While driving on vacation with a truck load of bikes and camping gear, I noticed the brakes acting a little weird. Pulsing or vibration is probably the best description. Under normal load it's fine. Get the bikes on there (and I assume the LSPV kicks in) and it's back. My front brakes are 100% so I guess this sounds like rear brakes. When loaded like this the truck goes from a raked position to a little reverse raked.
Should I order up some new pads from Dan and then check the rotors for wear and just turn them if within spec? Obviously I'd order new rotors if they were out of spec.
Fortunately, they're about 20 mins a side to replace the entire rotor/drum assembly since they're simply held on by the wheel/lugnuts. Since this is true, I'd first try this:
Pull them off and hit them hard with some aggressive sandpaper using a circle motion. Be aggressive. Do the same to the pads though you don't have to rough them up much - just take off any shine. Use brake cleaner on the rotors BEFORE you put them on with clean hands (so you can clean both sides of the rotor). Reassemble and see if you eliminated it.
The reason I suggest this is that often a rotor simply has become mildly glazed or gotten a drip of road oil or something and it's pulsing because of different grip during the rotation rather than lateral runout. On a rear brake it's much more likely as they don't get abused like fronts do.
To check runout, you can use a dangerous method I've employed when nobody's looking. Put the truck on jackstands - all four wheels in the air. Remove the suspect wheel so you can get to the disc. Run the truck in gear and use a screwdriver braced against the caliper to see if you can get it to touch for only part of the revolution to guage runout. There's always a little of course. This is insanely stupid, but I've done it in frustration to isolate a warped rotor. Obviously anything you catch on the rotor (hair, sleeve, tool) is gonna get some serious damage so be sure to have a camera rolling so we can see it next year on TV....
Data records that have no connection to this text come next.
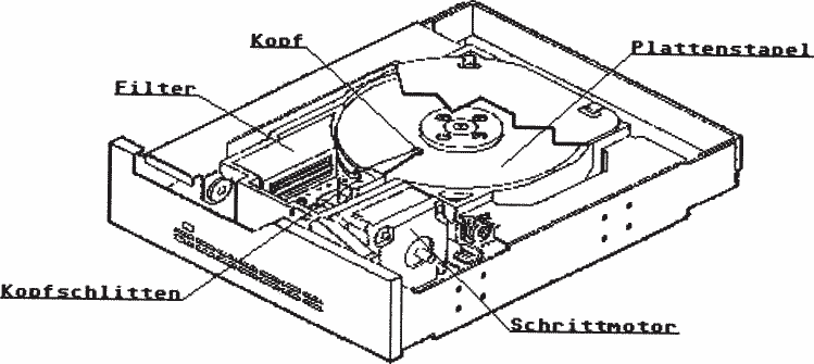 Zuvor möchte ich aber noch einmal kurz auf den ersten Teil dieser Folge eingehen. Die Zeichnung am Anfang des Artikels “sollte' das Laufwerk TM-755 von Tandon darstellen, das gleiche Laufwerk habe ich auch für meinen Umbau verwendet. Es weist eine Bruttokapazität (d.h. unformatiert) von 51 MByte auf, besitzt drei 5 1/4"-Platten und 5 (!) Köpfe. In der obigen Zeichnung ist diesmal das Laufwerk TM-262 (ebenfalls von Tandon) dargestellt. Dieses Festplattenlaufwerk hat in der SH-204 das ST-225-Laufwerk von Seagate abgelöst und wird jetzt auch in der SH-205 verwendet. Es besitzt eine Bruttokapazität von 25 MByte, diese wird mit zwei 3,5"-Platten und vier Köpfen erreicht. Im Unterschied zum TM-755 wird zur Kopfpositionierung ein Schrittmotor verwendet.
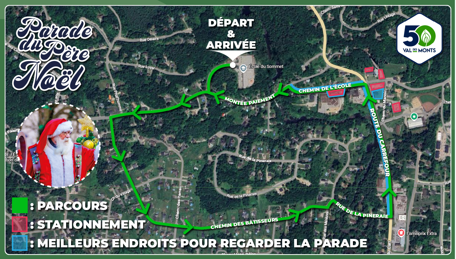 Petits et grands auront les yeux illuminés devant la parade! Distribution de cannes de bonbon, présence du père Noël, lutins, personnages animés et musique festive : tout sera réuni pour répandre la magie des Fêtes et terminer en beauté les célébrations du 50e anniversaire.
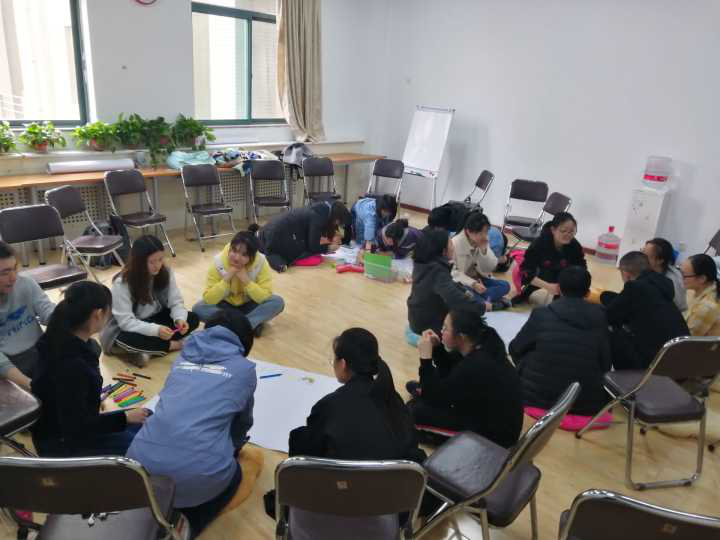 两点左右,李晓含老师进行了自我介绍,就到场同学的辅导目的进行询问,并阐述了老员工心理健康咨询与辅导的重要性,与进行心理辅导的团体成员建立了基本的信任感。接下来第一次心理健康团体辅导便正式开始了。首先通过“大风吹小风吹”的游戏,同学们彼此有了初步的认识和了解,为本次活动的开始营造了一种放松欢快的氛围。之后通过“讲述名字背后的故事”,团体成员之间有了进一步的交流与熟悉,并对各成员的名字有了深刻的记忆,有利于下一步团体辅导工作的开展。然后通过抽签,团体成员共分成三个小组,团体辅导工作进行到小组合作活动阶段,各小组在李晓含老师的指导下明确了“白纸活动”的任务:确定队名、制定规范、共同作画、寻找队长。各小组在愉悦的音乐声中,积极准备材料、交流意见、开展活动,活动场面十分热烈。随后,组长吕奕涵、姜晴、李国艳分别介绍了彩虹队、葫芦兄弟队、再差一个就能召唤神龙队的队名寓意、队员特点以及规范要求。最后李晓含老师进行了活动总结,第一次心理团体辅导便圆满结束了。
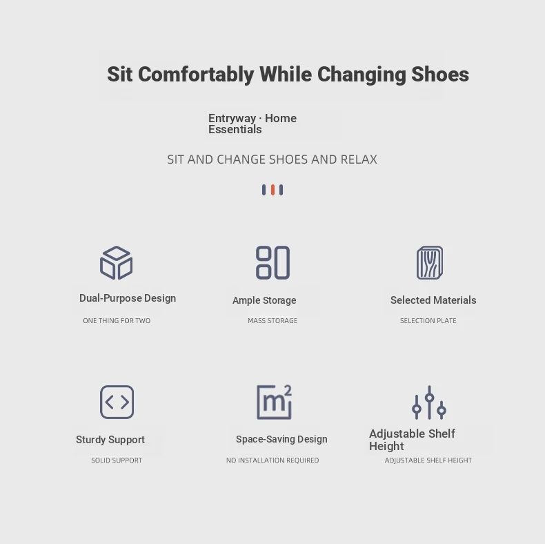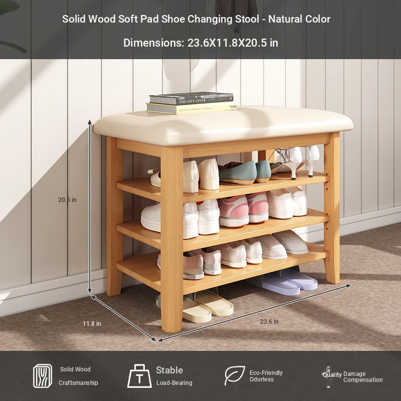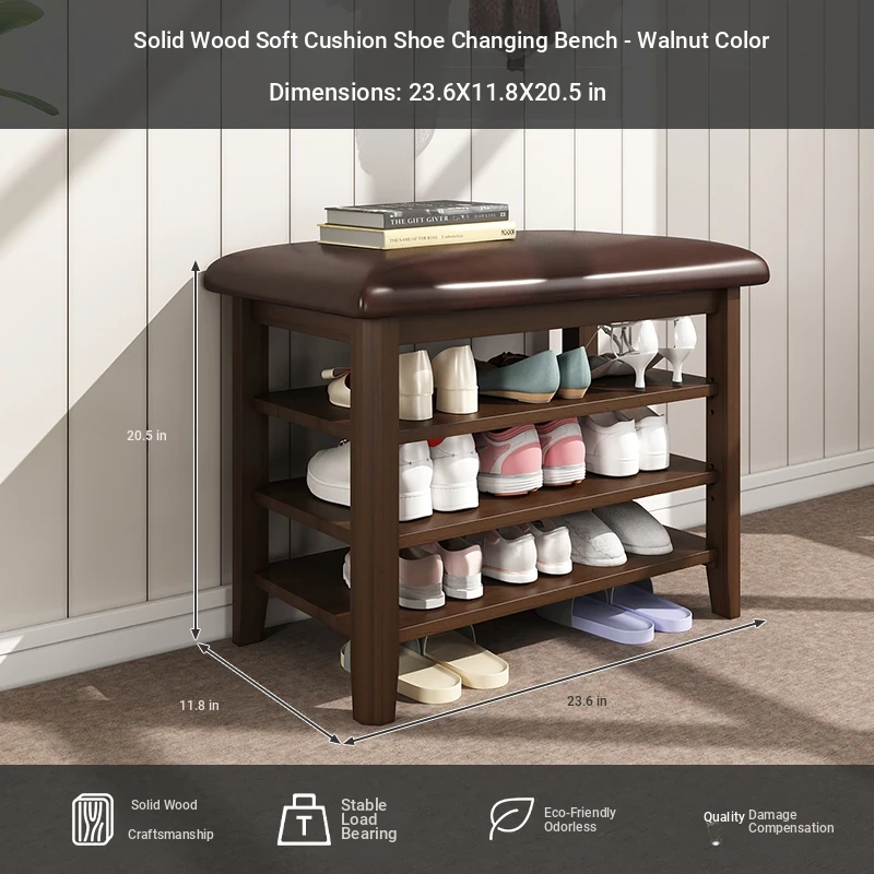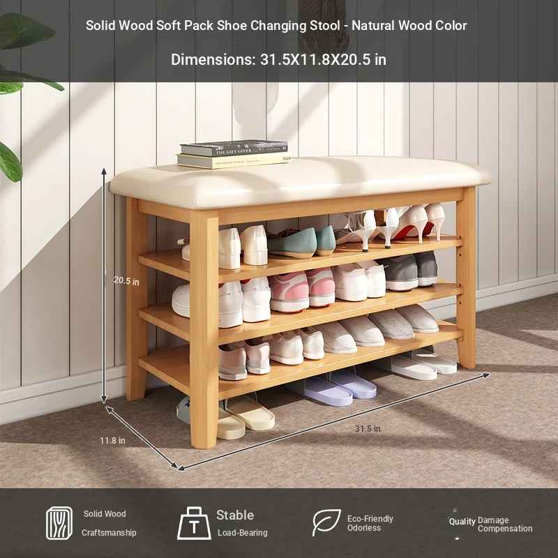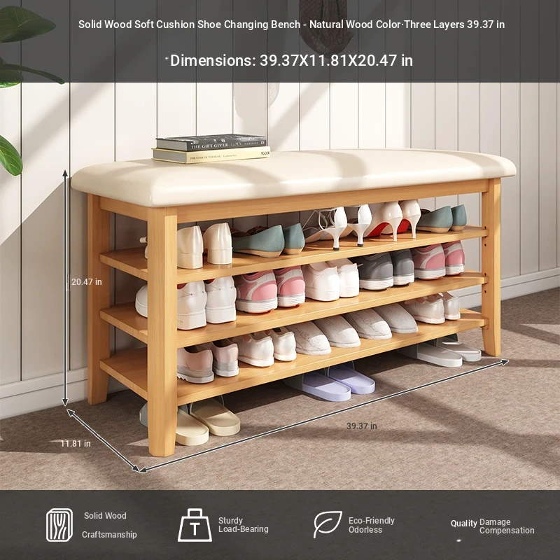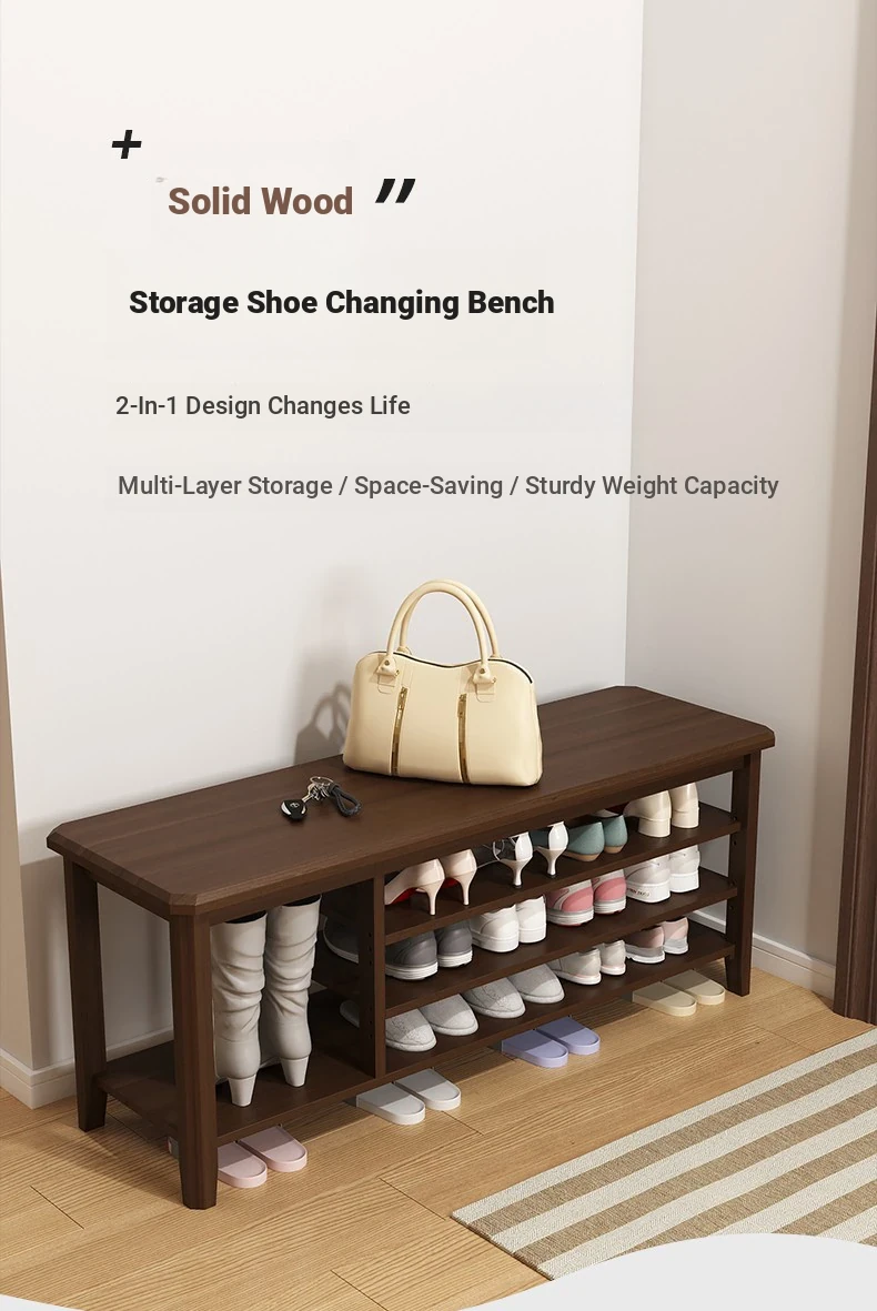 Three Dreams Solid Wood Shoe Changing Bench - Versatile Entryway Seat with Integrated Shoe Cabinet, Perfect for Sitting While Changing Shoes at Home or in the Entryway.

I had some pulsing in my brakes a while back. It turned out to be the rear rotors. What had happened is that the e-brake had stuck on and heated them up enough to warp them. I was able to just rotate the wheel and hear it contact the pads every so often. To do this put the T-case in nuetral and spin the wheel with it lifted of the ground. Besure to chock the front wheels to stop the truck from rolling.
Rick - Were you able to fix the warped rotors by turning? or did you replace them?
Doug - Good idea on the glazing. Since I need to replace the axle seals as PM soon, I'll do the sanding thing and brake clean at the same time. I think I'll skip the runout test, I don't need the cruiser in my living room. :whoops:
My truck had over 100k and I decided to replace all the rotors and pads in one fell swoop. If they are out of round you could turn them if they are thick enough.
I heard somewhere about Dan being on vacation this week? I could order up some parts and have at it when I get home. Nothing like ending my vacation by working on the cruiser.
Riley, he was around yesterday when I called him for some parts. But it was hectic over there. If he's not around, you could always buy the stuff from John Hocker.
Not sure when your vacation is up, but remember, rotors are heavy so ground shipping is your best bet. Don't know if that means they'd get there after the vacation ended or not.
I heard somewhere about Dan being on vacation this week? I could order up some parts and have at it when I get home. Nothing like ending my vacation by working on the cruiser.